O modelo empresarial distorce o conceito de qualidade educacional. “Nessa perspectiva, a educação satisfatória é a que atende às exigências do mercado. O modelo de qualidade neoliberal intensifica-se na atualidade com o aumento do uso das provas padronizadas”, diz o texto da pesquisa.
“Com a lógica empresarial nas escolas, você acaba trabalhando de uma forma em que o conhecimento fica para segundo plano e isso pode trazer sérios prejuízos para os alunos”, diz Sônia.
Qualidade
O conceito de qualidade da educação na concepção neoliberal se utiliza das avaliações em larga escala para a produção de índices educacionais. “Objetiva-se formar um indivíduo competitivo, uma pessoa que adquira conhecimentos e habilidades que possuem valor econômico”, constata a pesquisa.
Nesse modelo educacional, os(as) profissionais da educação são induzidos a trabalhar por uma concepção de qualidade que sujeita a escola à razão econômica, tendo como referência do ideal pedagógico o(a) trabalhador(a) autônomo(as), ignorando a multidimensionalidade da educação, a escola e os processos educativos.
“Avaliações padronizadas não promovem a igualdade de oportunidade, pois não levam em conta as diferenças de um município para outro, de uma escola para outra, de um aluno para outro. Você acaba tratando os alunos como iguais e nós sabemos que cada aluno é único, com seu tempo de aprendizado próprio”, afirma Sônia.
A pesquisadora ressalta que não contra avaliações, mas é preciso debater o modelo adotado. “É preciso debater, porque o entendimento do que é qualidade na educação é diferente. Para a ideologia liberal, ela tem uma definição. Para os estudiosos da educação, qualidade da educação é outra coisa” diz Sônia.
“Há que se questionar esse modelo de avaliação que nosso estado utiliza. Aonde se quer chegar com isso? O que o estado do Paraná entende por qualidade da educação? Esse debate não existe e isso não é bom para a educação nem para o aluno”, afirma.
Mercado
Adotando a perspectiva neoliberal de qualidade, as escolas passam a adotar um ensino por competências e não mais centrado nas disciplinas do conhecimento. “Na tentativa de aplicar nas escolas o conceito de qualidade total do âmbito empresarial, as empresas se convertem em agências educativas”.

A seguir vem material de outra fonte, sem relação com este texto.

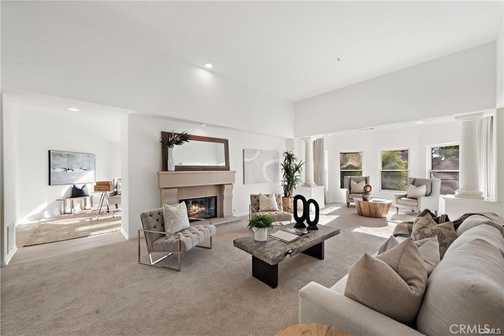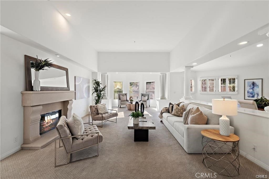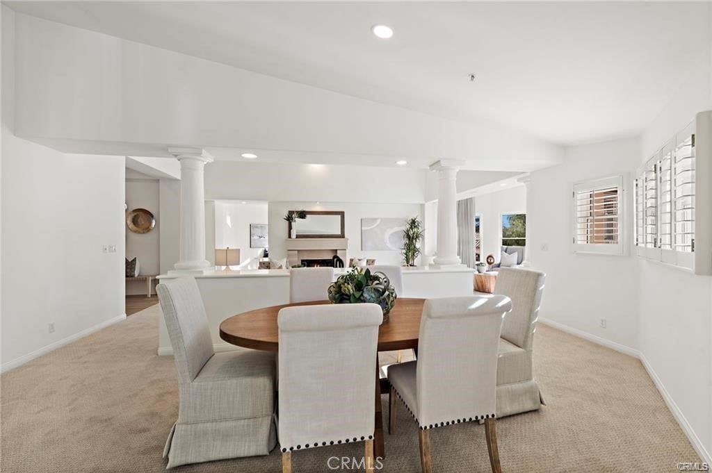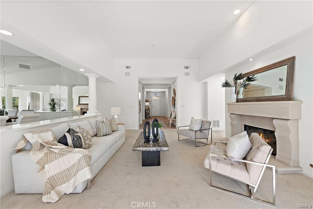 Rare single-level villa in the guard-gated community of Marbella Country Club. One of only twelve homes of its kind, this 2,700 sq. ft. residence offers soaring ceilings, abundant natural light, and an open layout. Recently updated with new paint, brand-new windows, LED lighting, plank flooring, and designer carpet. The spacious living room features a central fireplace and opens to a bright reading alcove and dining area. The large kitchen includes a center island, breakfast nook, counter seating, stainless steel KitchenAid appliances, and excellent storage. The expansive primary suite offers a sitting area with fireplace, private deck, and serene golf course/hillside views, plus a spacious bath with soaking tub, step-in shower, dual vanities, and oversized walk-in closet. Additional features include a guest suite with ensuite bath, den/office, inside laundry, and an attached two-car garage with direct access. Newer furnace, AC condenser, and water heater. Residents may join Marbella Golf & Tennis Country Club for access to golf, tennis, fitness, pool, and dining. Conveniently located near downtown San Juan Capistrano, the new River Street district, dining, shopping, and trails.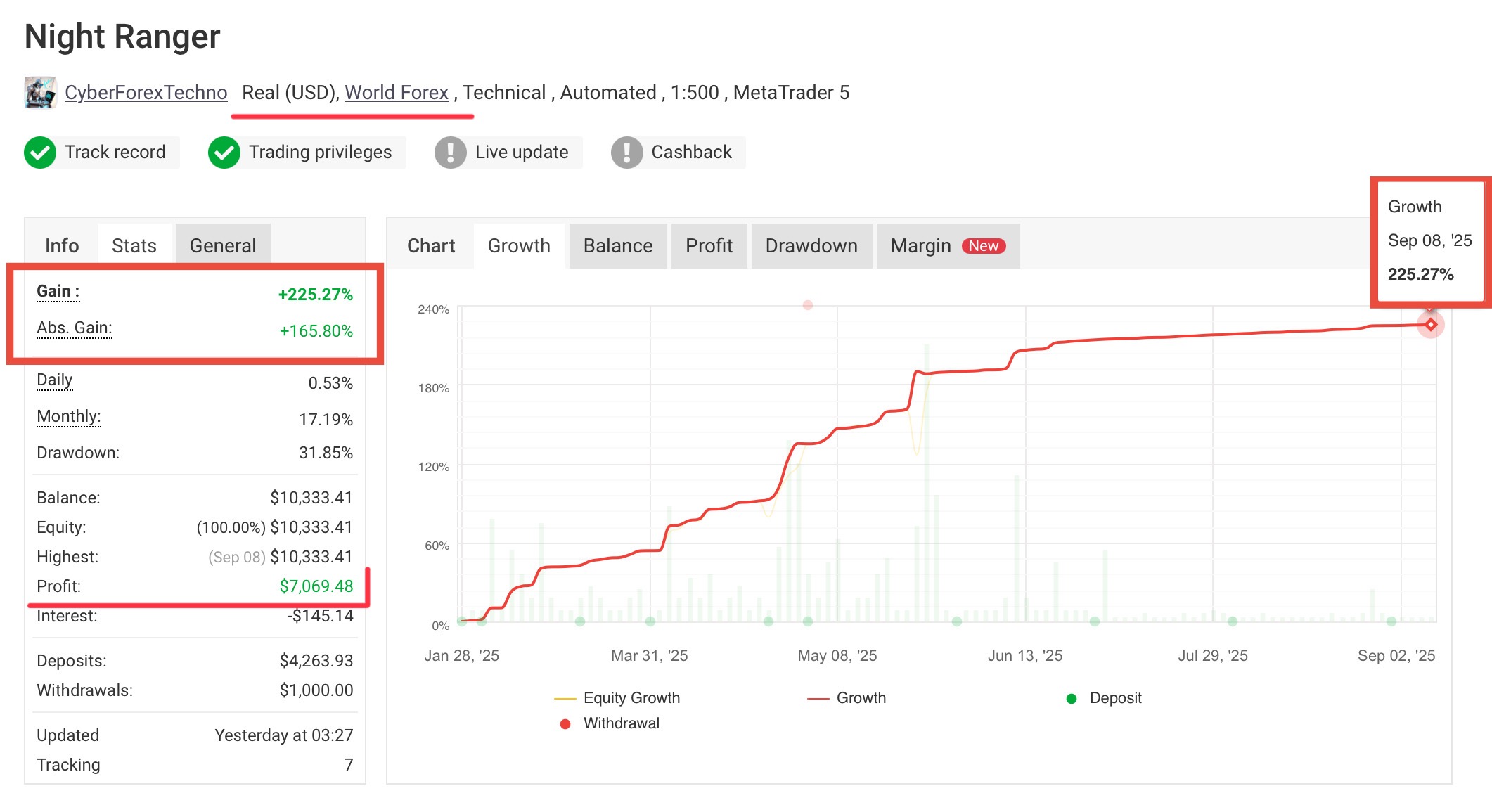The "Night Ranger" advisor has brought 225.27% profit since the beginning of the year.

A retórica neoliberal de administrar mais “eficazmente” a escola, inclui “reduzir a cultura ensinada na escola às competências indispensáveis para a empregabilidade dos assalariados, promover a lógica de mercado na escola”, aponta a pesquisadora, citando Laval (2019).
As consequências desse modelo para a sociedade são desastrosas, pois as novas gerações não terão contato com “o desenvolvimento da alta cultura pelo cultivo das ciências básicas, das letras e das artes”, ressalta a autora, citando Saviani (2011).
A verdadeira qualidade da educação tem caráter social, político e histórico, pois contribui para a formação de homens e mulheres capazes de se construírem como sujeitos históricos, com condições de participar, de forma crítica e criativa, na construção e reconstrução da sociedade, da escola e da própria educação, observa a pesquisadora.
As avaliações de larga escala acabam levando à responsabilização da escola e de seus profissionais pelo baixo desempenho dos alunos. O monitoramento, a produção de rankings e a redução curricular levam à crença equivocada de que a avaliação por si é indutora de qualidade.
Banco Mundial
A pesquisadora identifica sinais da participação do Banco Mundial na imposição dessa nova agenda empresarial na educação. O Banco atuaria como “o ministério mundial da educação”.
Esse novo modelo é imposto por uma articulação de forças políticas na esfera global com forças políticas locais. Nesse contexto, os(as) educadores estão distantes da apropriação e do uso dos resultados das avaliações para melhorar a aprendizagem dos alunos.